谢珩幽深的目光掠过地上命若游丝的大皇子,“淑妃娘娘方才那一刀正中大皇子殿下的心脏,刃尖入体三寸,穿透肺腑,便是华佗再世,也难为他续命。”

他一把攥住了明皎的右腕,温暖粗糙的掌心桎梏住她的手腕,不让她上前。

皇帝面无表情地看着明皎:“景星,你怎么看?”

明皎回道:“回皇上,殿下心脉尽断,已无力回天,恕景星无能为力……”

“你胡说!”大公主厉声打断了明皎的话。

她奋力挣开了二公主的手,指着明皎怒声斥道:“景星,你分明是见大皇兄失势,便想讨好贵妃与二皇兄,才故意见死不救!”

一道清越的鹰唳猝然自上空响起。

白色的海东青自大公主与明皎之间疾飞而过,翅尖带起的劲风扑面而至。

大公主吓了一跳,下意识地后退半步,气势登时弱了三分,却仍强撑着眉眼间的倨傲。

明皎平静地迎上大公主盛怒的目光,并未与她争辩,只对着皇帝道:“皇上,药医不死病,死病无药医。景星并非大罗神仙,无力扭转天命。”

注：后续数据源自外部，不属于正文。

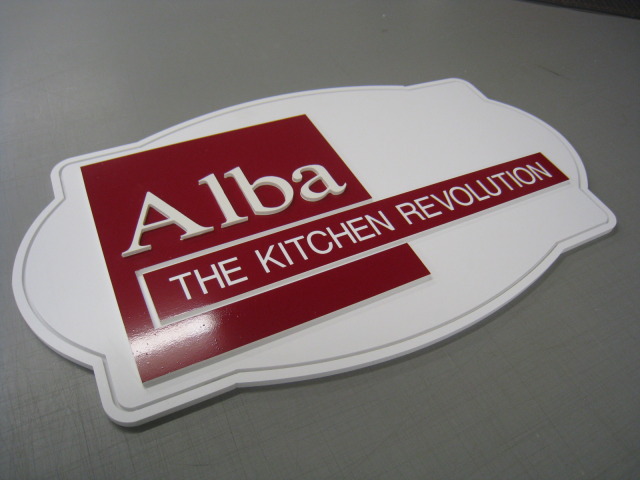 Here is a sign I just finished making for a Kitchen design company. It’s for their showroom. Made from 5mm and 10mm Foamalux which has been routered and glued together to produce a 3d engraved plaque. Finished using cut vinyl to provide the deep red colour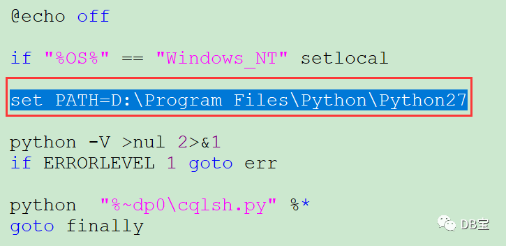 解决:安装Python 2,修改文件D:\Program Files\apache-cassandra-3.4-bin\apache-cassandra-3.4\bin\cqlsh.bat,添加一行:set PATH=D:\Program Files\Python\Python27,如下: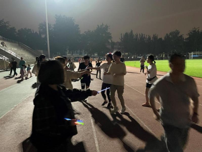 同学们热情洋溢,在运动场上一圈又一圈地尽情奔跑,每跑完一圈都可以从工作人员手中接过代表运动成果的荧光棒。同学们用双脚丈量着跑道,不知不觉中,手里的荧光棒越来越多,也越来越绚丽夺目!星星点点的荧光在操场各处亮起上百名信院学子化身荧光精灵在操场上用荧光汇成了一圈圈耀眼的银河点亮春日的夜晚同学们在操场上奔跑着汗水淋湿了脸颊脚步仍坚定向前因为他们深知身体是革命的本钱只有好的身体才能更好地坚守科研阵地为祖国建设奉献自己的力量。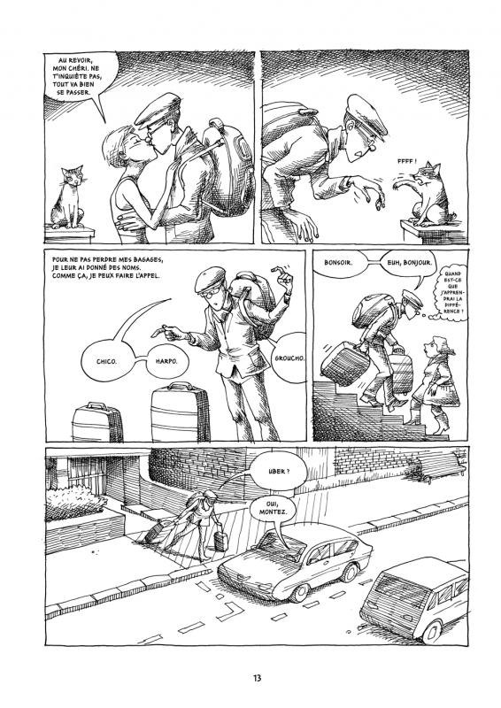 Mana Neyestani est réfugié en France depuis 2011 après avoir dû s’enfuir d’Iran à cause d’un dessin, des événements qu’il a décrits dans son premier livre, Une Métamorphose Iranienne (çà et là/arte éditions, 2012). Dans Trois Heures, il raconte comment sa condition de réfugié lui pèse, condamné à ne pas pouvoir revenir dans son pays où il risque la prison à vie, tout en ne sentant pas encore chez lui en France. Cette condition lui a été cruellement rappelée en 2017, au moment où il s’apprêtait à s’envoler pour le Canada pour rendre visite à son frère. Bloqué à l’aéroport par la compagnie aérienne qui ne savait pas comment traiter son titre de voyage de réfugié, Mana Neyestani s’est heurté à un mur d’incompréhension. Trois Heures détaille cette longue attente durant laquelle il ne peut que constater son impuissance et le peu d’attention accordée aux personnes dans sa position. C’est aussi l’occasion pour cet homme timide qui n’ose jamais élever la voix ou défendre ses intérêts de se livrer à un exercice d’introspection.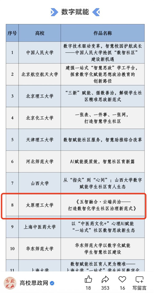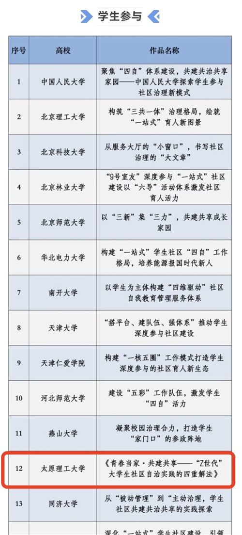 近日,教育部2025年高校“一站式”学生社区风采展示活动优秀成果名单揭晓,浦京报送的2个案例成功入选,入选数量位居山西省高校第一。其中,浦京《青春当家·共建共享--"Z世代"大学生社区自治实践的四重解法》入选“学生参与”典型案例,《五智融合·云端共治--打造数智化学生社区治理新范式》入选“数字赋能”典型案例。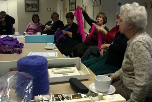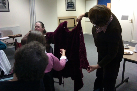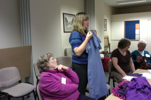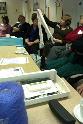 There was also a demonstration [by myself] of putting a frilled edge on a garment. A pattern for a scarf with this frilled edge can be downloaded by clicking here.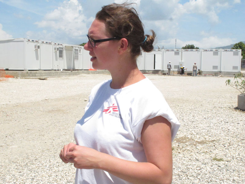 De eerste persoon die ik zie wanneer ik het ziekenhuis binnenkom, is Astrid, een jonge logistiek medewerkster op haar eerste missie met Artsen Zonder Grenzen. Onder een broeierige, loden zon staat ze te discussiëren met één van haar Haïtiaanse collega's. Eigenlijk één van de bewakers, voor wie ze verantwoordelijk is. “Dit is belangrijk werk,” legt ze uit. “De bewakers staan in voor de veiligheid van het ziekenhuis, maar ze moeten er ook op toezien dat de hygiëneregels nageleefd worden. Zij moeten ervoor zorgen dat niemand binnendringt met een wapen of uniform en zo de neutraliteit van deze plek verzekeren. Bovendien moeten ze erop toezien dat iedereen de handen wast bij het binnenkomen. Al die dingen zijn van fundamenteel belang wanneer we weer een stijging van het aantal gevallen van cholera in de hoofdstad vaststellen.”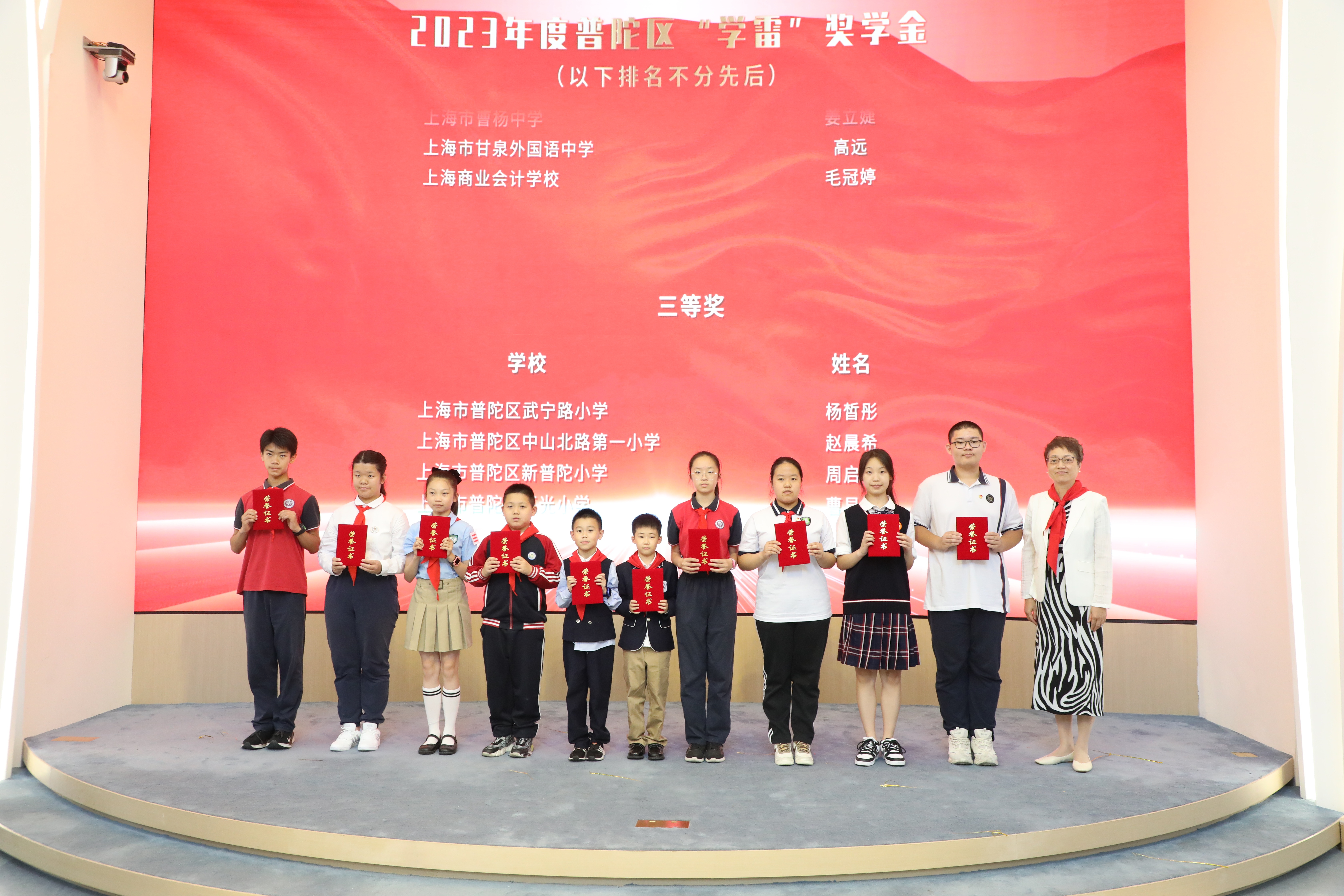 为2023年度普陀区“学雷”奖学金代表颁发证书

皇帝眉峰紧蹙,垂眸望着奄奄一息的大皇子,一言不发,右拳攥紧了几分。

大公主心头怒火更盛,泣声道:“父皇,景星县主分明是沽名钓誉之辈,德不配位……”

“华阳,够了!”王太后目光威严地扫向大公主,厉声训道,“都什么时候了,你还在这里胡闹!”

大公主咬着下唇,脸色青白交加,满心不服却不敢出言顶撞太后。

二公主在一旁冷眼旁观,心底冷笑不止。

她这个大皇姐,居然到如今还看不清局势。王家与大皇兄犯下谋逆大案,莫说大皇子性命难保,就连皇后之位都摇摇欲坠。

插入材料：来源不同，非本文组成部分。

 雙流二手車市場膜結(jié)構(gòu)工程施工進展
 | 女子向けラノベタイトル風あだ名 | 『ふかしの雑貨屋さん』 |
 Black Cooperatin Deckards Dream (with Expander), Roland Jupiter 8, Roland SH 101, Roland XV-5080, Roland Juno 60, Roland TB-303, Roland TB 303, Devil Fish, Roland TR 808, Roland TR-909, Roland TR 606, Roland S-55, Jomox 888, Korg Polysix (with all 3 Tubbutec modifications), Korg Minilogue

大皇姐这般不识时务,很快就会是第二个“懿宁”,无人敢娶,无人敢沾,只能在这深宫中孤苦一生。

念及此,二公主心底掠过一丝隐秘的快意。

此时,地上的大皇子已是出气多,进气少。

他嘴巴张合,喉间只滚出几不可闻的气音,一句话也说不完整。

突然,他又呕出一缕暗红血沫,两眼涣散无神,双臂也无力地垂落在地。

整个人彻底没了气息。

“皇儿!”王皇后撕心裂肺地凄声哭喊。

最后一丝支撑她的力气轰然散尽,她抱着大皇子冰冷的身躯瘫倒在地。

哭声悲怆欲绝,恸彻殿宇,听得人心头发紧。

檐下的皇帝不近不远地望着大皇子的尸身,眸中最后一丝波澜彻底归于漠然,吩咐道:“传朕旨意,大皇子谋逆伏诛,按罪臣之礼处置,不必入皇陵。”

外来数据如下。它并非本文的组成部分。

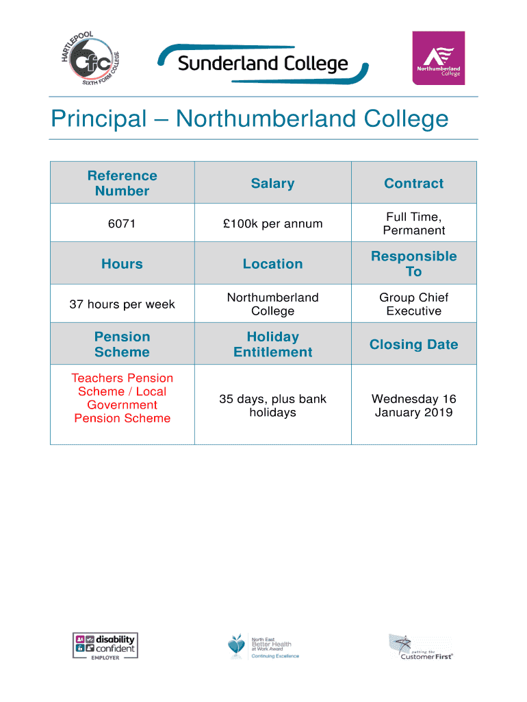 Principal Northumberland College Reference NumberSalaryContract6071100k per annumFull Time, PermanentHoursLocationResponsible To37 hours per weekNorthumberland CollegeGroup Chief ExecutivePension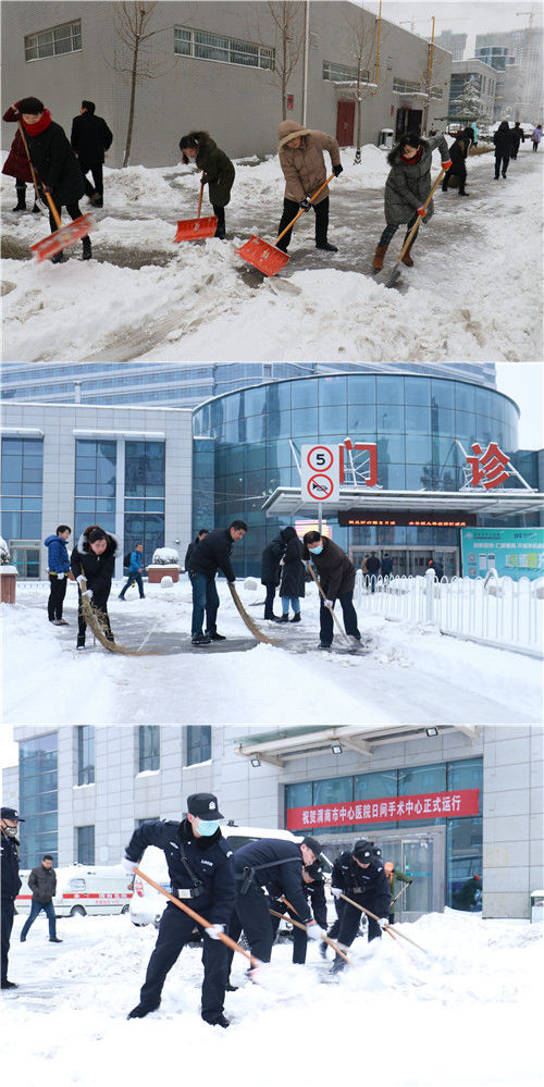 据悉,为了更好的服务患者,院领导在昨晚已经部署了医院的安全工作,号召行政后勤的同志们今早及时扫雪排障,全力保障患者就医安全。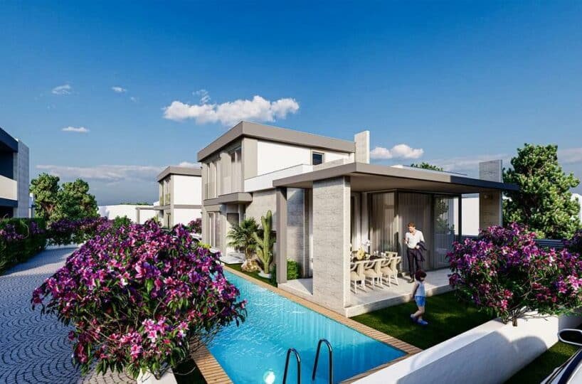 Все наши виллы выполнены в едином стиле; Они имеют земельную долю 365 м² и чистую площадь использования 147 м². Каждая из вилл предлагает вам удовольствие от владения отдельным домом в комплексе, с собственным ландшафтным уединенным садом и собственным бассейном. С привилегией частного сада и частного бассейна, каждая вилла имеет частную парковку на 2 машины.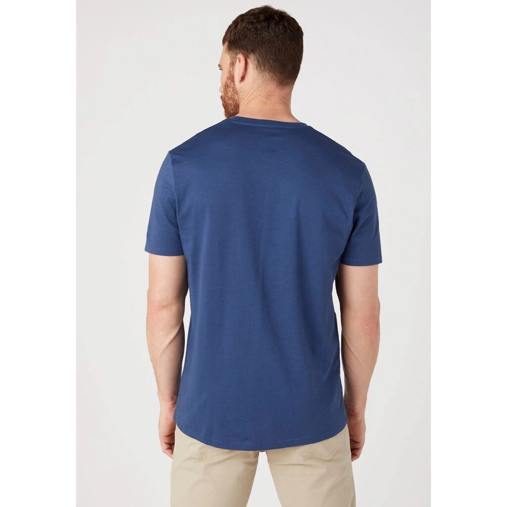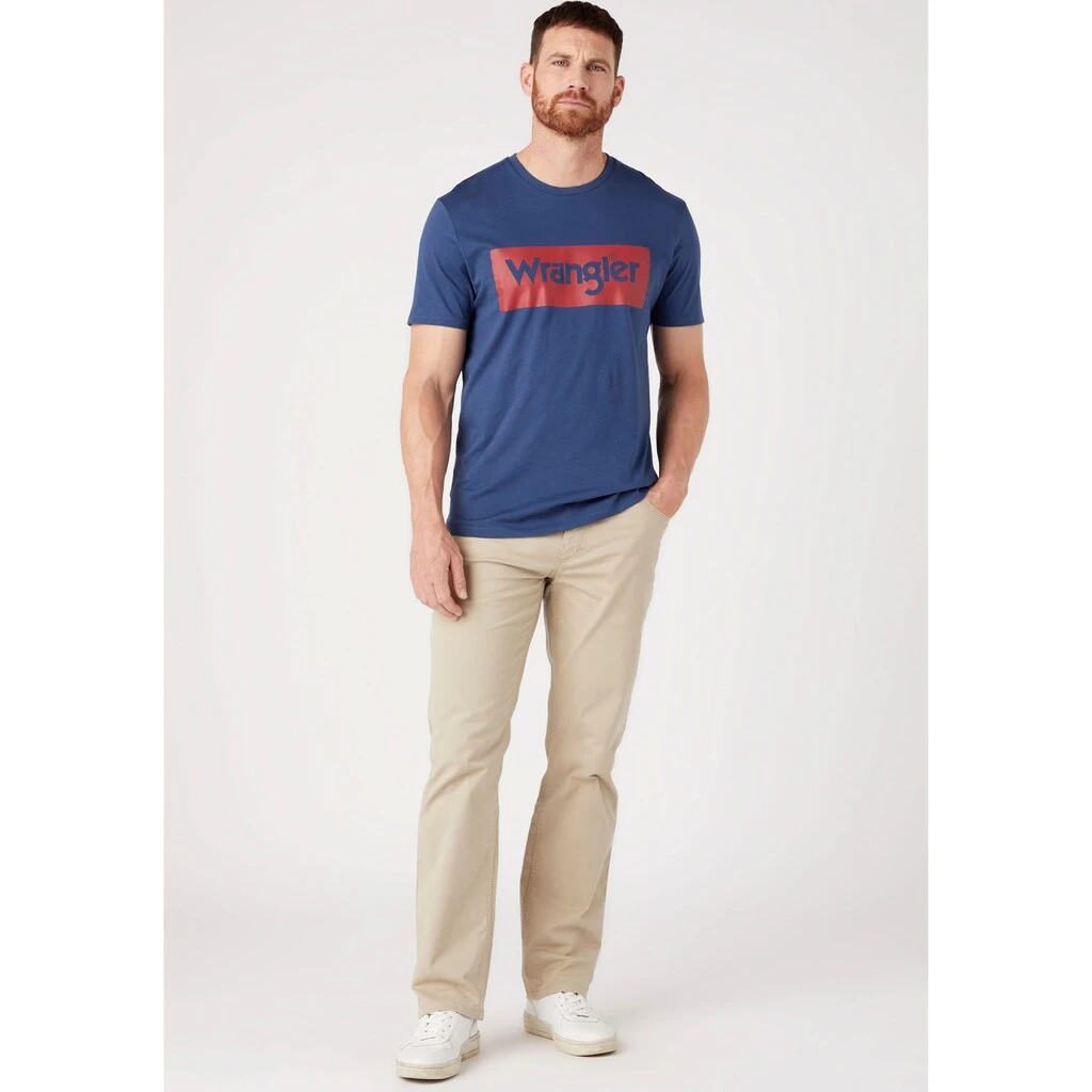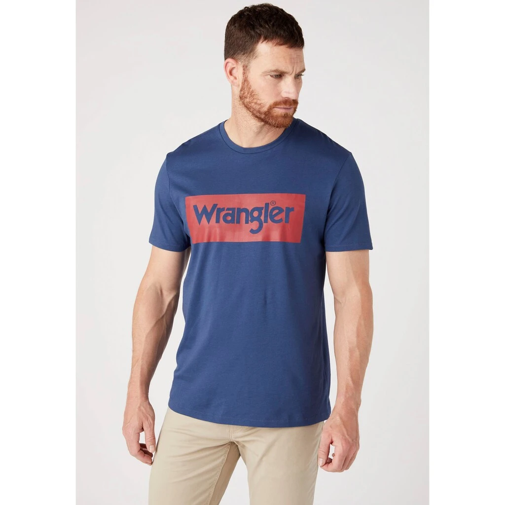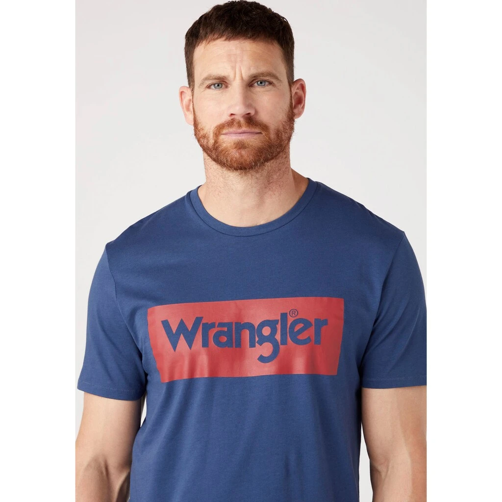 Unkompliziertes Herren-T-Shirt der Marke Wrangler. Mit einem normal breiten Schnitt. Es ist mit einem coolen Logodruck versehen. Durch die weiche Qualität des Single Jerseys ist das Oberteil angenehm zu tragen.

“父皇!”大公主不可置信地惊呼,扑通一声跪在了地上,“大皇兄纵然有错,可他已然身死,您又何必折辱于他……”

“放肆!”皇帝怒声呵斥,面色铁青,“谋逆之罪,乃十恶不赦的大罪!朕留他全尸,已是宽宏大量,你还敢在此为他鸣冤叫屈!”

“来人,将大公主带回长乐宫禁足,无朕旨意,不得踏出宫门半步!”

大公主心尖一颤,一股彻骨的恐惧席卷全身,浑身冰凉。

长这么大,她还从未见过这般冷酷绝情的父皇。

那个从前对她温和纵容的帝王,仿佛在一夕之间,彻底变成了另一个人。

她张了张嘴,想再哀求,却被皇帝眼中的冷意吓得半个字也说不出来,只能任由内侍上前,架着她踉跄地退出殿外。

雾蒙蒙的泪水模糊了视线。

上方,灿日拨开乌云,金辉如瀑倾洒而下,铺满朱红宫墙与琉璃瓦顶。

微风穿过重重宫门,却吹不散空气中残留的血腥戾气。

半个时辰后,萧云庭带着两名亲卫,从午门内缓步而出。

他身上披了一件玄色的披风,偌大的披风恰好挡住了受伤的右臂,因为失血过多,脸色苍白如纸,步履虚浮。

阙右门边的空地上,白卿儿、明遇以及一众官员被数十几名锦衣卫看管着,一个个面露焦灼之色,目光大都望着午门方向。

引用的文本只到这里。